– Где же твоя поклажа?
Он ткнул большим пальцем в сторону берега.
– Спрятана в высокой траве. Моя спина нуждалась в отдыхе. – Он немного склонил голову набок. – Показать ее вам? Чтобы доказать вам, что я торговец?
– Ступай.
Элфрун по-прежнему держалась настороженно. Почему он не пришел в их поместье по дороге, как другие торговцы, а вместо этого крадется вдоль береговой линии? Подозрительно. Она начала думать над тем, как ей поступить. Можно вскарабкаться на дюну и позвать кого-то из своих людей, чтобы они с ним разобрались. Но кому захочется заниматься каким-то бродягой и его котомкой, особенно в такой день, как сегодня?

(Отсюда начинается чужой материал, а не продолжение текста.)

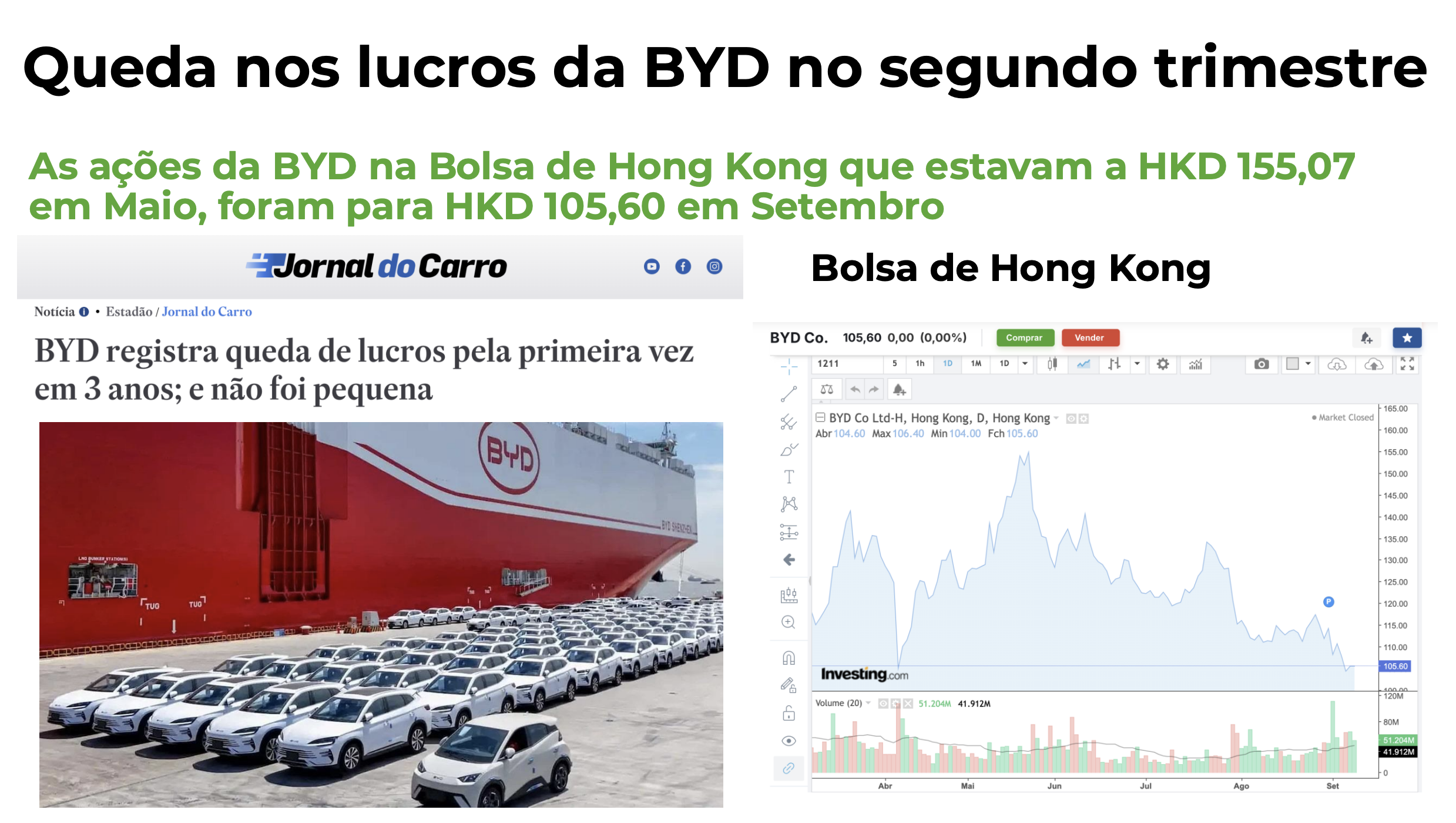 Só como um exemplo, a meta da BYD este ano era vender 5,5 milhões de unidades. Infelizmente, a tendência para o ano é uma queda de cerca de 20% versus a meta.

Она может просто уйти, когда незнакомец скроется из виду. Но она не может позволить чужаку беспрепятственно углубляться в земли своего отца, даже если человек этот, когда она только увидела его, находился на территории, которая будет затоплена приливом.
В конце концов, она ведь хозяйка Донмута.
К тому же она искала любой предлог, чтобы не возвращаться в кузницу, – по крайней мере пока тело Кудды не будет покрыто саваном, а кровь его не впитается в утоптанный земляной пол.
По блестящему на солнце мокрому песку бродили длинноногие птицы – травники и ржанки, над головой кричали чайки. Небо затягивала легкая дымка, и оно становилось тускло-серебристым. Если незнакомец не вернется в скором времени, она просто уйдет. И все-таки, откуда же он пришел? Ни в море, ни у берега лодок видно не было, хотя в эстуарии было столько небольших заливов и бухт, а болото местами так глубоко вдавалось в сушу, что безлунной ночью вблизи берега можно было спрятать с полсотни кораблей, пришедших с опущенными мачтами, на веслах, обмотанных тряпками, чтобы создавать меньше шума.
Но он снова был здесь, поднимался, скользя, по дюне рядом с ней. Теперь Элфрун уже удивлялась, как она могла принять его за ожившего Кудду – правда, он тоже был белокурым и с худощавым лицом. Но у этого человека волосы были пепельного оттенка, а не цвета соломы, к тому же прямые. Теперь, когда он был близко, она видела, что он не так уж юн, что он намного старше, чем ей показалось вначале; ему было за двадцать, хотя борода у него была еще очень редкая. Заметила она также, что от ветра и постоянного пребывания под открытым небом в уголках его серых глаз уже успели появиться тонкие морщинки. Скулы у него были широкие и высокие, и создавалось впечатление, что он улыбается даже тогда, когда улыбка уже слетела с его губ.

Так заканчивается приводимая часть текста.